▶ _Given data_
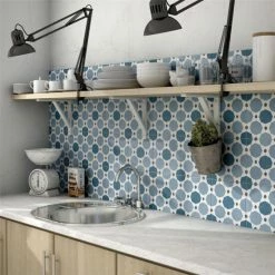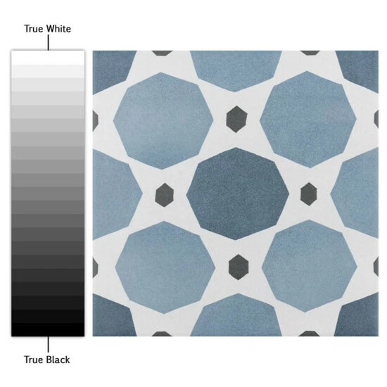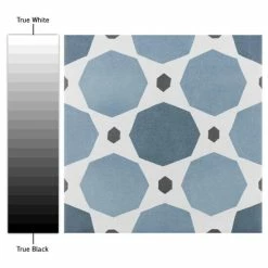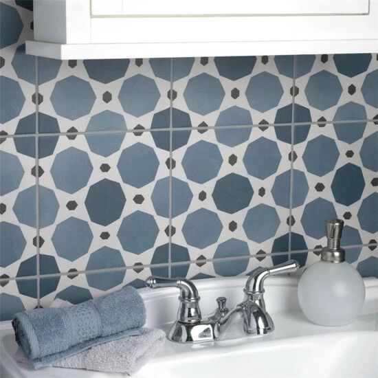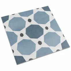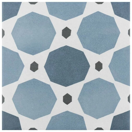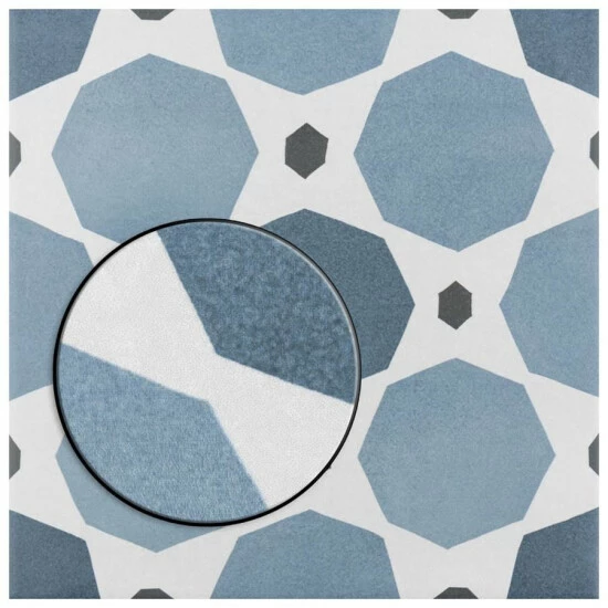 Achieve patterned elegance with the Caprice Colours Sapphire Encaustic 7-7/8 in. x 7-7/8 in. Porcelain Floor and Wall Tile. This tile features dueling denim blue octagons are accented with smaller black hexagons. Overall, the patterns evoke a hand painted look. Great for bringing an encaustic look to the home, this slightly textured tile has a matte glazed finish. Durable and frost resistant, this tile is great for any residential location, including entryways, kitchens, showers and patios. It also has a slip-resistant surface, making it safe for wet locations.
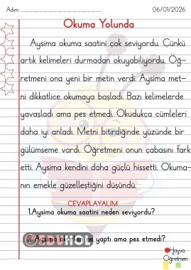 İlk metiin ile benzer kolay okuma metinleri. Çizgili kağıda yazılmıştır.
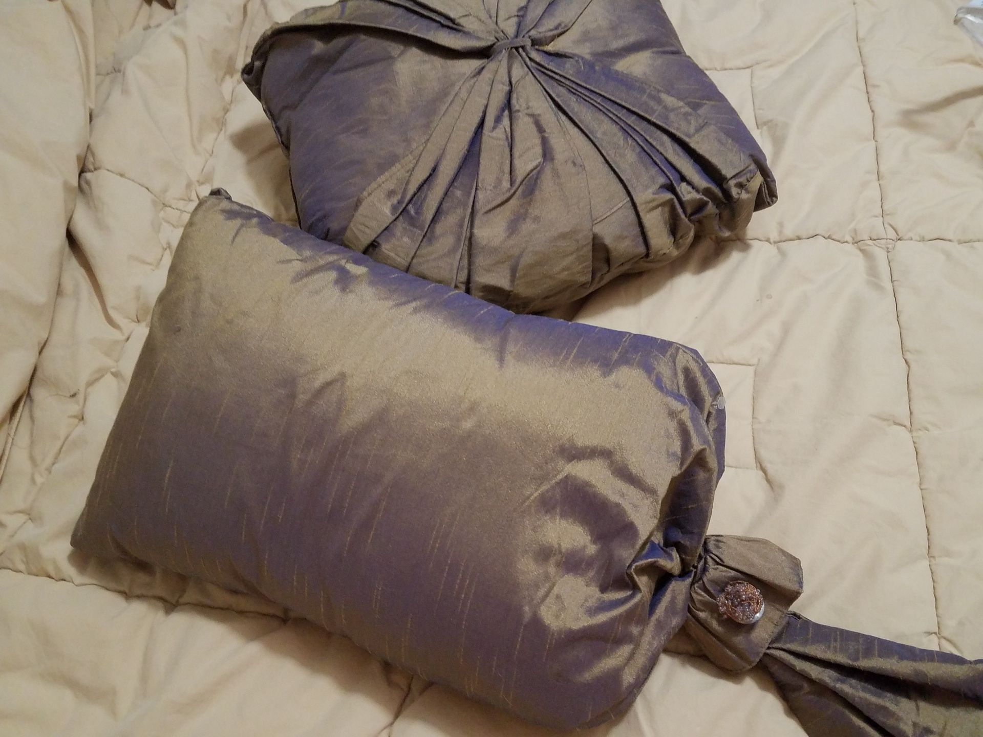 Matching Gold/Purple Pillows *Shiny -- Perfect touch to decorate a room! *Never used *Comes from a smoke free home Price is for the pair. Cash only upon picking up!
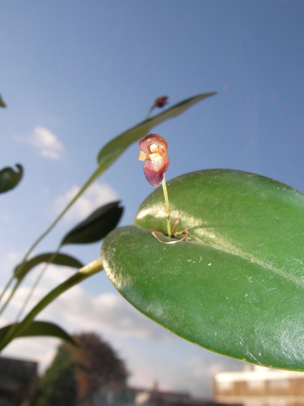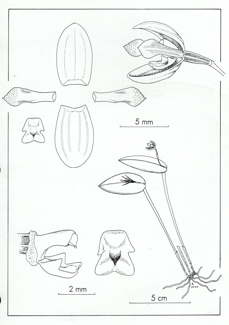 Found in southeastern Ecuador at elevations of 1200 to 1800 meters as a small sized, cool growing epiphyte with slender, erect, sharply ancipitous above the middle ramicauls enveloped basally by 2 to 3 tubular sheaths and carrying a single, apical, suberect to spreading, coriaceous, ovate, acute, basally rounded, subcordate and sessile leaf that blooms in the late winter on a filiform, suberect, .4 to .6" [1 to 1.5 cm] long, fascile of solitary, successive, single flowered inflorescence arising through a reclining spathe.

▶ _Problem requirements_
Restate each line above exactly, keeping pictures out.

▶ _Answer space_
 Achieve patterned elegance with the Caprice Colours Sapphire Encaustic 7-7/8 in. x 7-7/8 in. Porcelain Floor and Wall Tile. This tile features dueling denim blue octagons are accented with smaller black hexagons. Overall, the patterns evoke a hand painted look. Great for bringing an encaustic look to the home, this slightly textured tile has a matte glazed finish. Durable and frost resistant, this tile is great for any residential location, including entryways, kitchens, showers and patios. It also has a slip-resistant surface, making it safe for wet locations.
 İlk metiin ile benzer kolay okuma metinleri. Çizgili kağıda yazılmıştır.
 Matching Gold/Purple Pillows *Shiny -- Perfect touch to decorate a room! *Never used *Comes from a smoke free home Price is for the pair. Cash only upon picking up!
 Found in southeastern Ecuador at elevations of 1200 to 1800 meters as a small sized, cool growing epiphyte with slender, erect, sharply ancipitous above the middle ramicauls enveloped basally by 2 to 3 tubular sheaths and carrying a single, apical, suberect to spreading, coriaceous, ovate, acute, basally rounded, subcordate and sessile leaf that blooms in the late winter on a filiform, suberect, .4 to .6" [1 to 1.5 cm] long, fascile of solitary, successive, single flowered inflorescence arising through a reclining spathe.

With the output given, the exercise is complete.